札幌市発寒川流域の氾濫状況。昭和56年8月3~6日(写真:北海道開発協会)

 
         
 


 茨戸川洪水の特徴は、石狩川の水位が高くなると志美運河から石狩川に水が流れていかなくなり、水位が上昇して周囲に溢れる内水氾濫だ。この石狩川の背水を遮断するとともに、茨戸川の水を放水路で直接日本海に流す石狩放水路計画が昭和46年に立てられた。石狩放水路が完成すると、茨戸川の水位は約2.7m低下する都市型水害の切り札だ。
 人口集中に伴う都市型水害は全国的なもので、国は「総合治水対策」を進めていた。
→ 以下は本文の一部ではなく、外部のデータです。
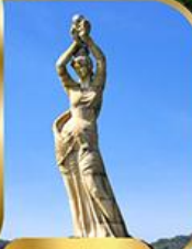
จูไห่ฟิชเชอร์เก็ร่า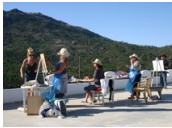
workshop op Panorama terras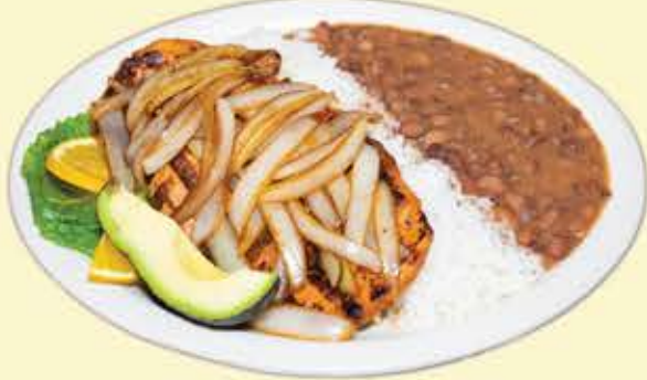
81) Chuleta encebollada $16.95 (Onion pork chop)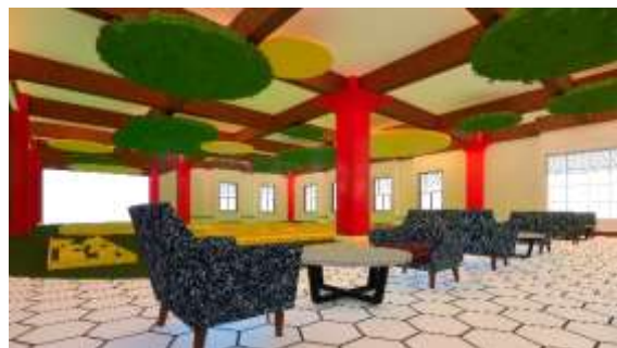
Gambar 9: Area Santai Mini Golf

Pada area mini golf juga terdapat area duduk bagi para pangunjung untuk dapat beristirahat. Pada area tersebut terdapat beberapa arm chair dengan corak berwarna biru dan putih. Warna yang digunakan cukup sederhana dikarena area tersebut sebagai objek untuk istirahat mata setelah melihat beberapa warna yang terdapat pada ruangan tersebut.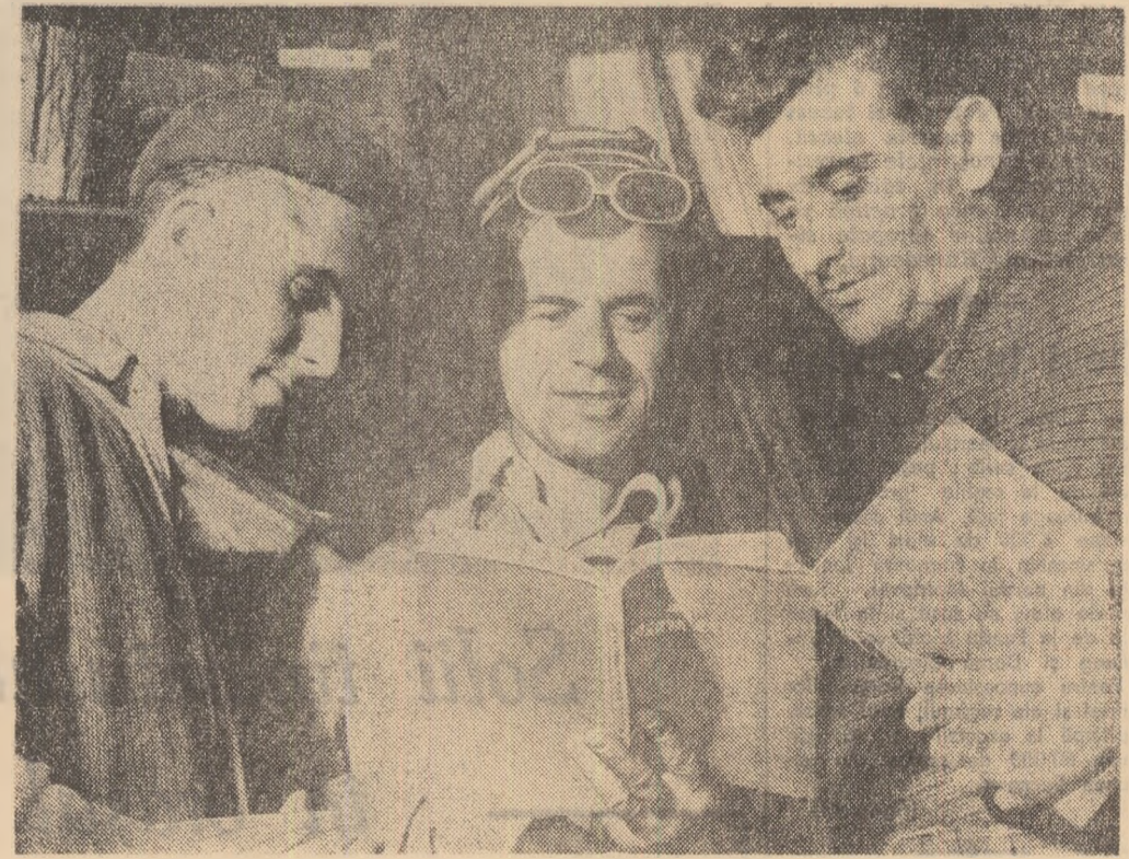
Un prieten nedespărțit al oțelărilor de la Hunedoara — certea.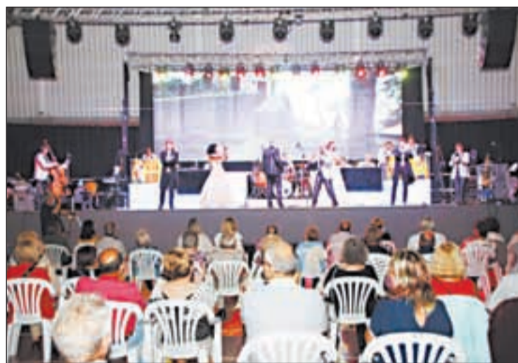
La Selvatana va oferir un concert ahir la tarda

Les Festes de la Mercè d'Almacelles van començar amb un repic de campanes a les 10 del matí. Enguany la celebració serà força singular com a conseqüència del Covid 19. Unes festes en les que l'acte més important i destacat serà la inauguració del Alma Parc Escultòric 2020, en l'interior del Parc d'Europa, el divendres 25.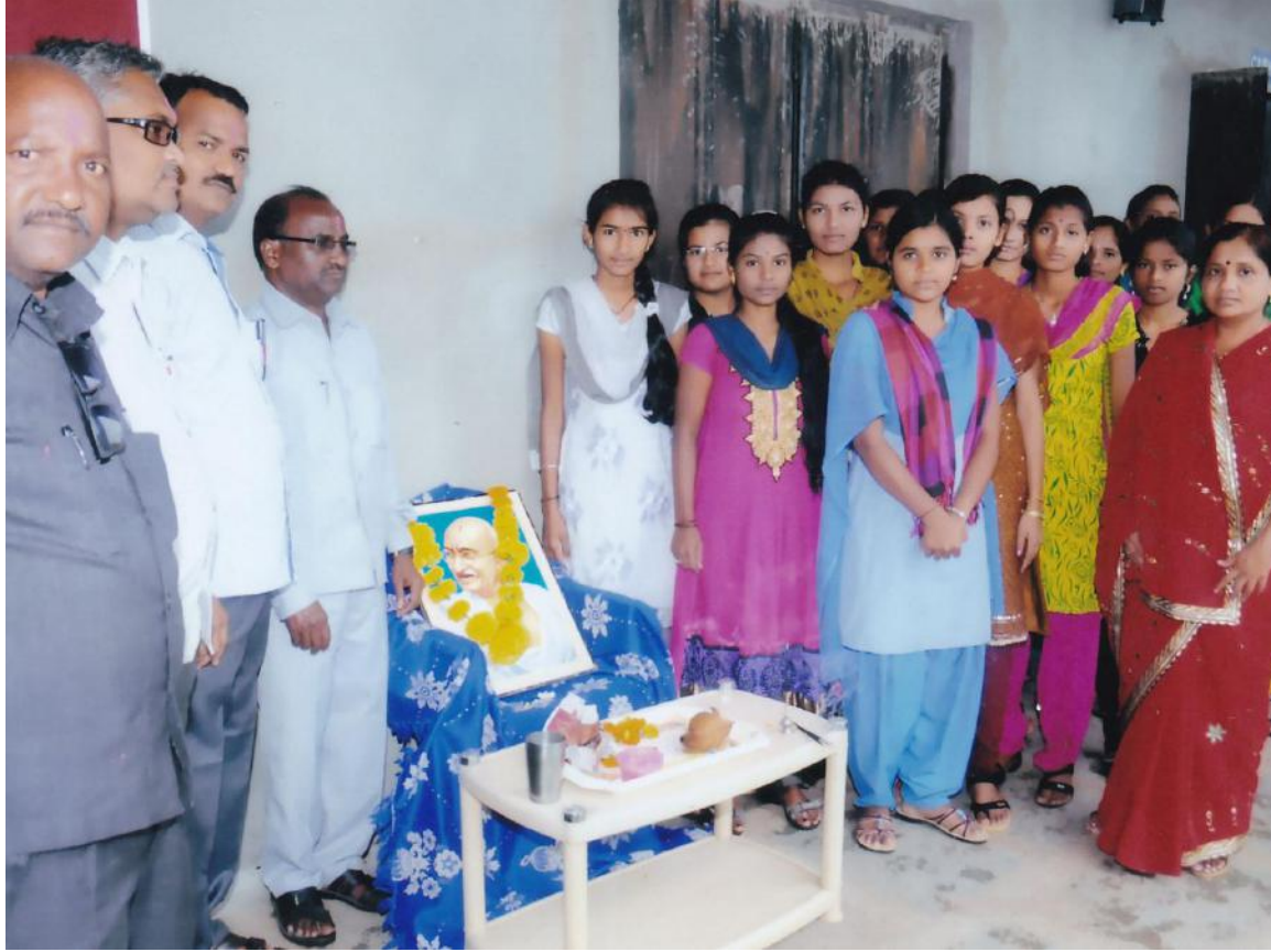
गांधी जयंती साजरी करताना विद्यार्थी व प्राध्यापक वृंद व इतर मान्यवर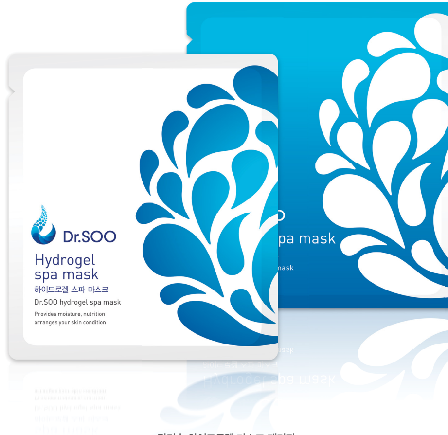
닥터수 하이드로겔 마스크 패키지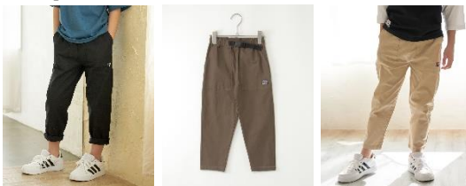
〈ブラック〉 〈オリーブ〉 〈ベージュ〉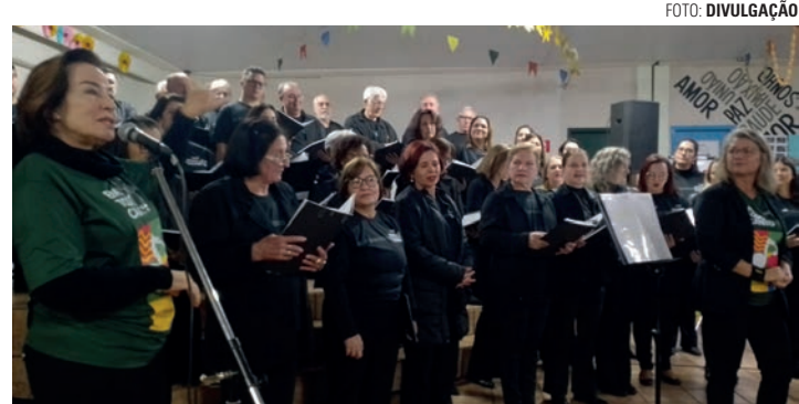
ESTREIA - Primeira parada do projeto foi na cidade de Macatuba, no dia 19

Na terça-feira, na escola Idalina, as atividades começam a partir das 15h40, com a oficina 'Canto Coral', exclusiva para alunos da escola. Às 19h, com participação aberta ao público, tem a palestra 'Os benefícios do canto coral para o desenvol-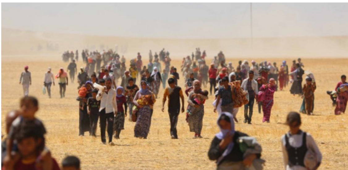
Êzdiyên ku ji Şengal direvin.

Her jinek an keçek Êzîdî gelek caran li bazara Beniyan, dihatin firotin, hem jî ew bidarê zorê ji xwe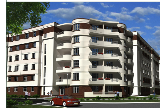
ZESPÓŁ BUDYNKÓW MIESZKALNYCH WIELORODZINNYCH Z GARAJAMI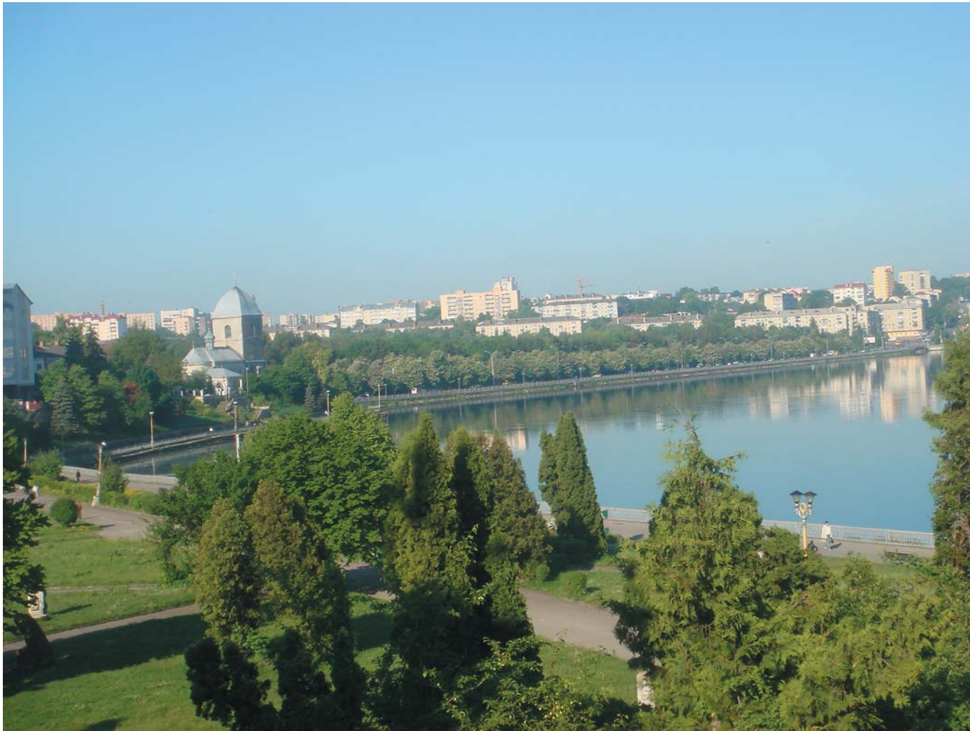
14 Удивительное городское озеро. Тернополь, Украина, 2009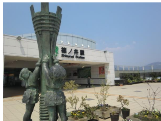
No15. 篠ノ井駅 20140426 (土) 10:56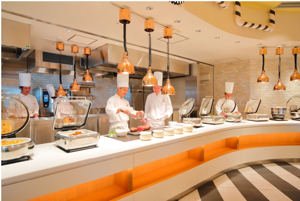
ヴィータ ダイニング ソリス グラーティア（イメージ）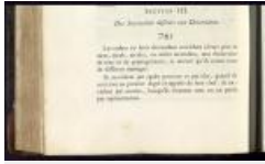
21. Article 745, Code civil des Français : édition originale et seule officielle, Paris : Imprimerie de la République, 1804, page 182 (AD77, 4°2735).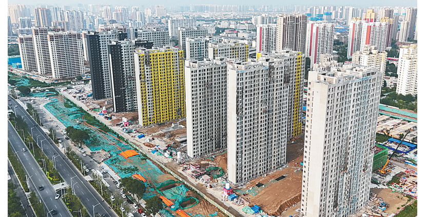
俯瞰河北省保定市城中村改造三期工程南刘各庄村安置区项目。

近日,关于房屋养老金的话题冲上热搜,引起社会关注。记者26日就此采访了住房城乡建设部相关司局负责人,解答百姓关心问题。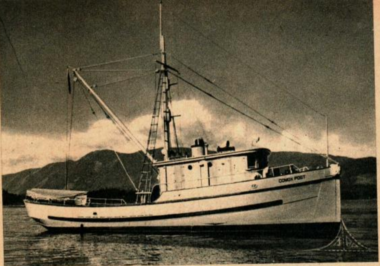
Sur la proue du Comox Post, navire des Pêcheries canadiennes, des pointillés indiquent le contour de l'éperon à requins.

L ES requins qui se chauffent au soleil, et qui sont la terreur des pêcheries de saumons situées le long des côtes de la Colombie britannique, sont chassés et éperonnés par un navire dont la proue est armée d'un éperon en forme de couteau.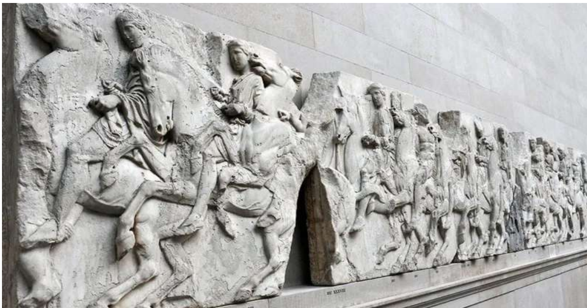
این مجسمه‌ها را لرد الگین از معبد پارتنون در یونان به بریتانیا برد

تنش میان دولت‌های بریتانیا و یونان بر سر تعدادی از زیباترین تندیس‌های یونانی موجود در جهان، در روزهای گذشته شدت گرفته است.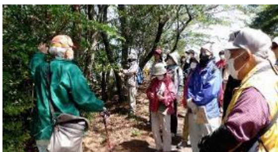
自然観察会にて説明

自宅から近くの間でありながら絵下山に登るのは初めてで、これまで訪れなかったことが悔やまれます。散策会には是非また参加したいと思います。次回はお弁当を持って。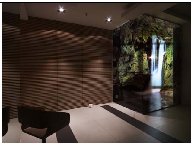
Attesa3 14001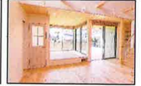
1階小上り畳にも床暖があります。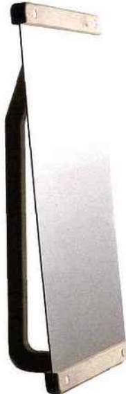
"Salvador", design Jennifer Rabatel . Un miroir à poser en bois de tilleul et inox poli. Édition Sous Étiquette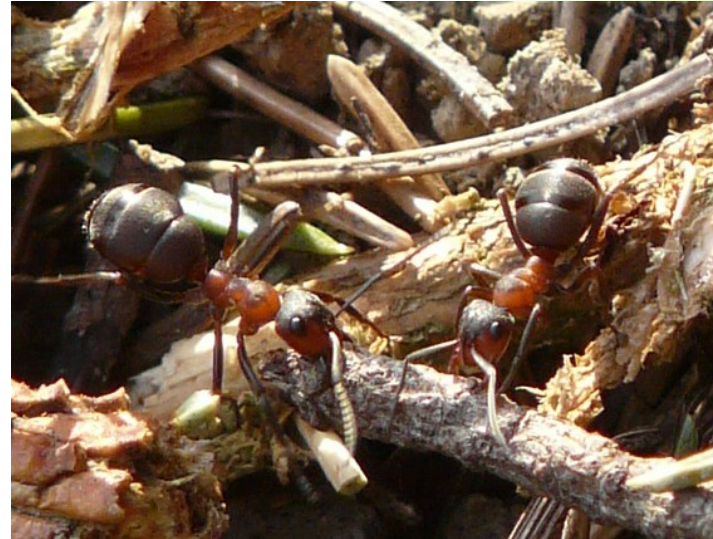
Formica sp. (Formicidae)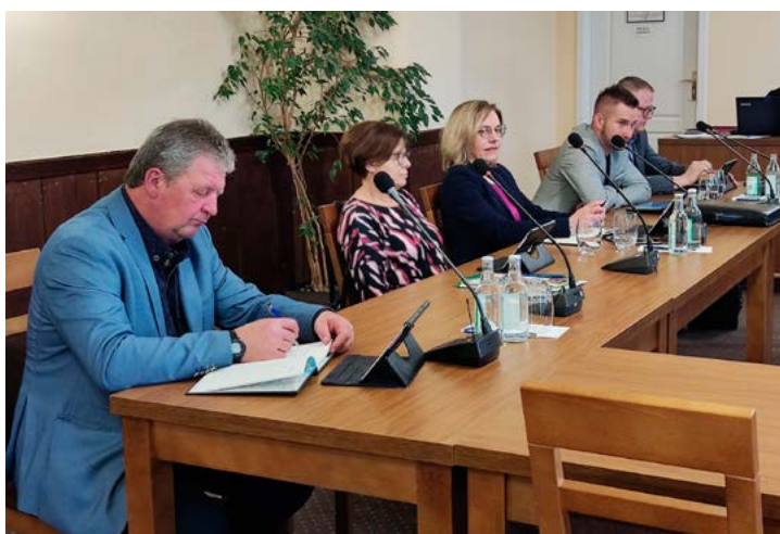
Podejmowanie uchwał i dyskusja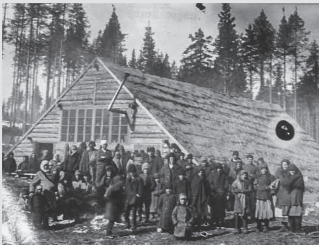
Спецпереселенцы в Сибири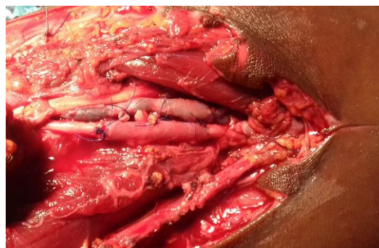
Figure 4 : Vue per opératoire d'une réparation d'une section complète de l'artère brachiale par un pontage veineux avec un greffon de veine céphalique

Les autres gestes associés secondaire étaient : une ostéosynthèse pour une fracture du massif carpien (1 cas), une réparation des tendons des fléchisseurs palmaires superficiels et profonds (2 cas) ; une aponévrotomie prophylactique (11 cas).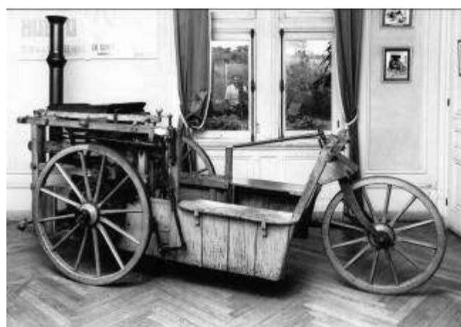
Musée de la Rochetaillée

Le véhicule était une sorte de break à trois roues, en bois cerclées de fer, avec une direction à barre franche, communément appelée « queue de vache ».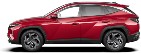
Sunset Red Pearl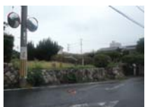
0137_錦織遺跡第2地点と7地点との間の三差路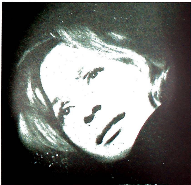
Filmen krever frihet til å skildre også det nevrotiske, det abnorme og det forfalne i menneskelivet.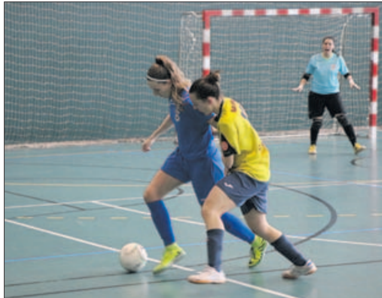
Alba controla una pilota davant d'una jugadora del Palau.

En el darrer partit disputat a casa, la Concòrdia va guanyar el Palau per 3 a 1. Les de

札幌市北部地域は昭和50年の記録的な洪水でまたも大きな被害を受けたことから、北海道開発局、北海道、札幌市の河川および下水道部門が一体となって水害対策を行うことになった。昭和55年、「伏籠川流域総合治水対策協議会」が設立され、石狩放水路は総合治水対策として建設されることになった。






   
     

伏籠川、創成川、発寒川が流れ込む茨戸川(写真:北海道開発局)

 
         
 
 
 
 

 石狩川につながっている志美運河に運河水門を、放水路下流端には放水路水門を建設し、大雨や台風で洪水の危険がある場合にのみ運河水門を閉じて石狩川の逆流を断ち切り、今度は放水路水門を開けて茨戸川の洪水を直接日本海に流す。この両水門の操作で茨戸川の洪水処理を行う。石狩放水路の建設で、札幌市北部地域の安全は格段に高まるばかりか、運河水門を閉め切ることで茨戸川水系は石狩川の背水に影響されない単独河川として改修計画が立てられるようになり、各支川の改修計画も容易になるので、地域開発に与える効果もきわめて高くなるのだ。
 地域を守る切り札・石狩放水路は昭和57年に完成するのだが、その前に高い防災効果を天下に知らしめることになる。

 
     
 


 
   
 

茨戸川流域の流れ(放水路完成前)

茨戸川流域の流れ(放水路完成後)

 
 


・放水路(延長2,458m、水路幅50m)
・放水路水門(ゲート2門)
・運河水門(ゲート2門) 
*志美運河


     
     

石狩放水路と放水路水門。洪水時は開けられる。